Which of these error messages appears depends on timing-dependent
conditions.

Technically the root cause lies with a bug in the split-index code that
has nothing to do with FSMonitor, but for the sake of this new test case
it was the easiest way to trigger the bug.

The bug is this: Under specific conditions, Git needs to skip writing
the "link" extension (which is the index extension containing the
information pertaining to the split-index). To do that, the `base_oid`
attribute of the `split_index` structure in the in-memory index is
zeroed out, and `do_write_index()` specifically checks for a "null"
`base_oid` to understand that the "link" extension should not be
written. However, this violates the consistency of the in-memory index
structure, but that does not cause problems in most cases because the
process exits without using the in-memory index structure anymore,
anyway.

But: _When_ the in-memory index is still used (which is the case e.g. in
`git rebase`), subsequent writes of `the_index` are at risk of writing
out a bogus index file, one that _should_ have a "link" extension but
does not. In many cases, the `SPLIT_INDEX_ORDERED` flag _happens_ to be
set for subsequent writes, forcing the shared index to be written, which
re-initializes `base_oid` to a non-bogus state, and all is good.

When it is _not_ set, however, all kinds of mayhem ensue, resulting in
above-mentioned error messages, and often enough putting worktrees in a
totally broken state where the only recourse is to manually delete the
`index` and the `index.lock` files and then call `git reset` manually.
Not something to ask users to do.

The reason why it is comparatively easy to trigger the bug with
FSMonitor is that there is _another_ bug in the FSMonitor code:
`mark_fsmonitor_valid()` sets `cache_changed` to 1, i.e. treating that
variable as a Boolean. But it is a bit field, and 1 happens to be the
`SOMETHING_CHANGED` bit that forces the "link" extension to be skipped
when writing the index, among other things.
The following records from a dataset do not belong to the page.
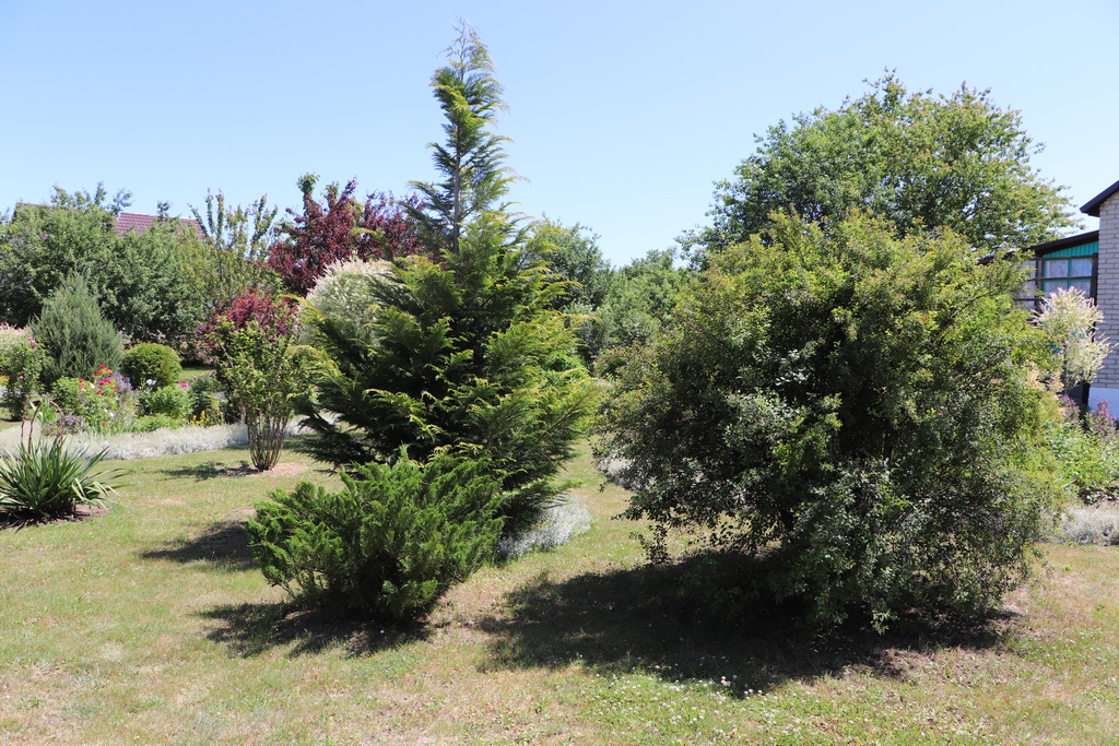 Ива Нана, можжевельник Скай Рокет, пузыреплодник Дьябло, юкка, скумпия, кипарисовик, туи Смарагд – чего только здесь нет, в названиях можно затеряться. А вот в саду не потеряешься. Каждое растение на своем месте.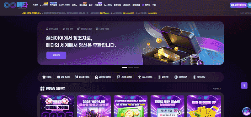 메타벳(META BET)은 2025년 현재, 아시아권 카지노 시장에서 빠르게 성장 중인 플랫폼으로 평가된다. 이 브랜드의 핵심은 ‘무제한 리워드 구조’다. 단순히 보너스 지급에 그치지 않고, 낙첨 및 콤프 시스템을 중심으로 이용자 보상 생태계를 구축했다. 특히 카지노와 스포츠, 미니게임, 슬롯, e스포츠를 통합 운영하며, 사용자 경험(UX)과 보상 체계를 하나의 구조 안에 연결한 점이 특징이다.
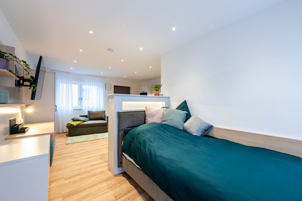 Hier bieten wir Ihnen einem modernen Neubau in höchster Energie- und Bauqualität nach dem Standard KfW 40 QNG traumhafte 1-Zimmer Neubauwohnungen an. In traumhafter Südausrichtung, zum Teil mit herrschaftlichem Bergblick entsteht hier moderner Wohnraum, der mit luxuriöser Ausstattung wie LED-Beleuchtung, einer hochwertigen 3er Küche sowie einer bodentiefen Luxusdusche punktet.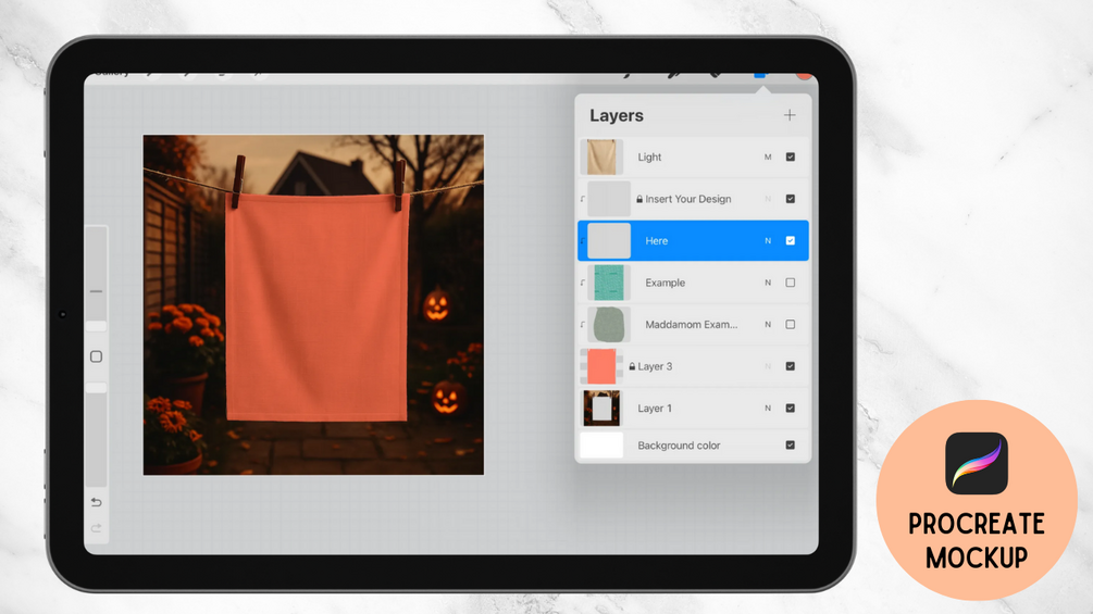 🎃Tea Towel Procreate Mockup – Halloween Edition (Outdoor Scene)

"Comparatively easy" is a relative term in this context, for sure. The
essence of how the new test case triggers the bug is as following:

1. The `git rebase` invocation will first reset the worktree to
   a commit that contains only the `one.t` file, and then execute a
   rebase script that starts with the following commands (commit hashes
   skipped):

   label onto

   reset initial
   pick two
   label two

   reset two
   pick three
   [...]

2. Before executing the `label` command, a split index is written, as
   well as the shared index.

3. The `reset initial` command in the rebase script writes out a new
   split index but skips writing the shared index, as intended.

4. The `pick two` command updates the worktree and refreshes the index,
   marking the `two.t` entry as valid via the FSMonitor, which sets the
   `SOMETHING_CHANGED` bit in `cache_changed`, which in turn causes the
   `base_oid` attribute to be zeroed out and a full (non-split) index
   to be written (making sure _not_ to write the "link" extension).
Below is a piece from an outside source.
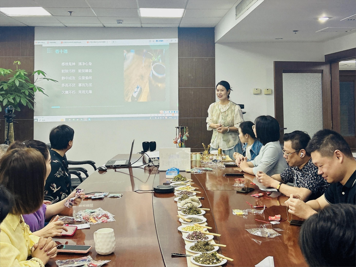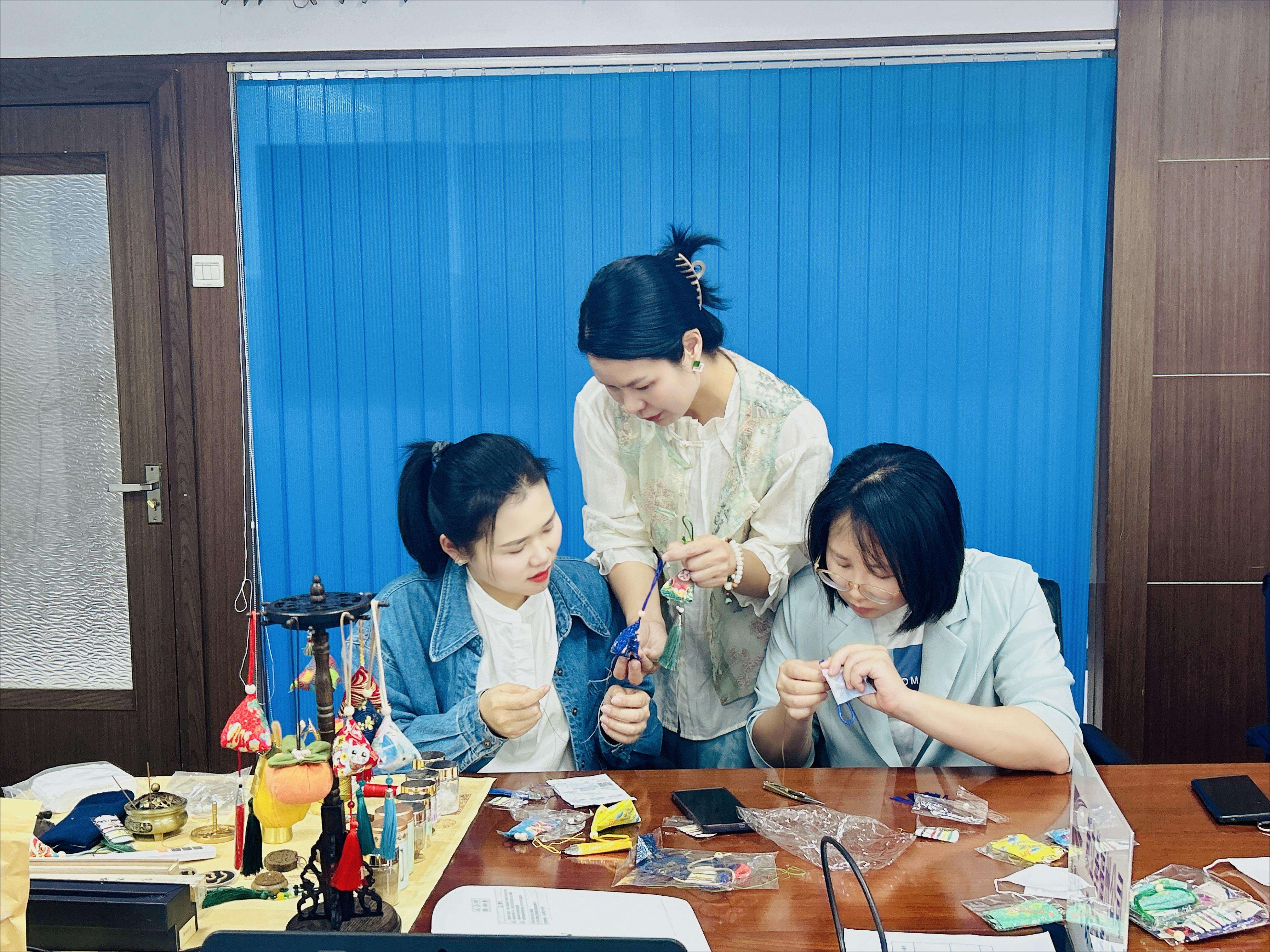 活动邀请到了国家二级职业指导师、中国香文化传播者(香艺师)陈兰香老师,陈老师详细介绍了端午节的起源、习俗及屈原的故事,从香囊来历、香料品类、佩香囊传统文化入手,结合节气养生知识进行授课。随后,在老师的耐心指导下,大家齐齐动手,默契配合,从穿针、引线、打结、裁剪、挂珠串儿、装香料到缝合,一个个芳香扑鼻的香囊在灵巧的双手中诞生,现场弥漫着清新的艾草香,“以艾香思廉心”,正传递着阵阵廉洁清风。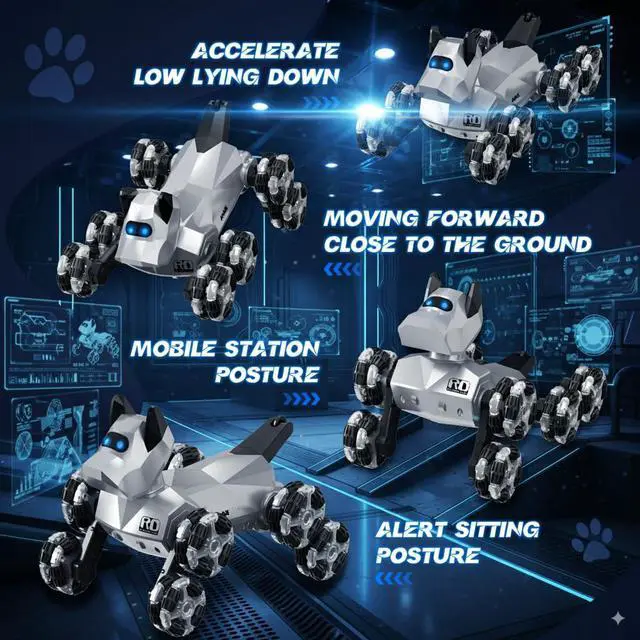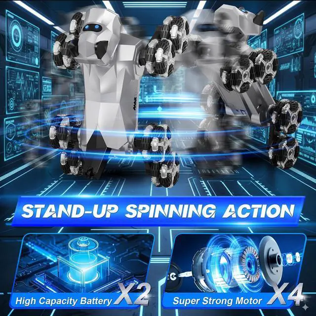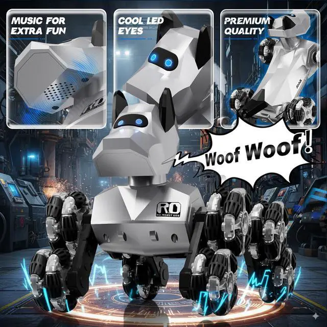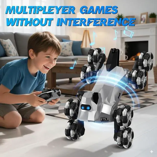 Advanced Mobility & ControlThis high-tech robotic dog merges the fun of RC cars and interactive pets into one dynamic experience. Perform 360° spins, precision drifts, and climbing tricks with eight-wheel drive, plus one-touch demo modes. The 2.4GHz remote offers smooth, responsive commands, while its futuristic design sparks creativity

5. Now, the `reset two` command will leave the worktree alone, but
   still write out a new split index, not writing the shared index
   (because `base_oid` is still zeroed out, and there is no index entry
   update requiring it to be written, either).

6. When it is turn to run `pick three`, the index is read, but it is
   too short: It only contains a single entry when there should be two,
   because the "link" extension is missing from the written-out index
   file.

There are three bugs at play, actually, which will be fixed over the
course of the next commits:

- The `base_oid` attribute should not be zeroed out to indicate when
  the "link" extension should not be written, as it puts the in-memory
  index structure into an inconsistent state.
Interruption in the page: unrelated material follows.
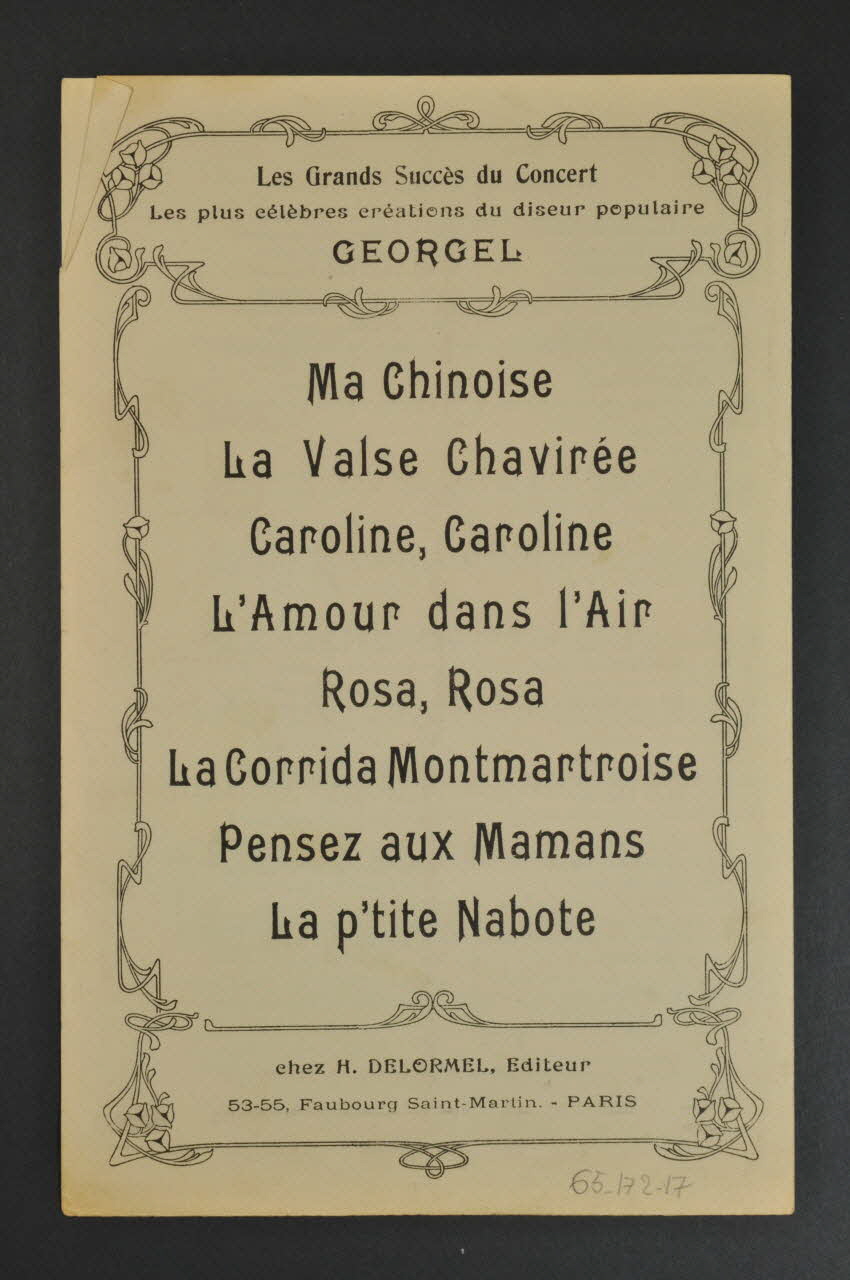 Les inscriptions renseignent le titre de la chanson, le nom des auteurs, de l'artiste et de l'éditeur. A l'intérieur, partitions et paroles de la chanson. Au dos, liste d?autres partitions publiées par l?éditeur.Décor

- The FSMonitor should not overwrite bits in `cache_changed`.

- The `unpack_trees()` function tries to reuse the `split_index`
  structure from the source index, if any, but does not propagate the
  `SPLIT_INDEX_ORDERED` flag.

While a fix for the second bug would let this test case pass, there are
other conditions where the `SOMETHING_CHANGED` bit is set. Therefore,
the bug that most crucially needs to be fixed is the first one.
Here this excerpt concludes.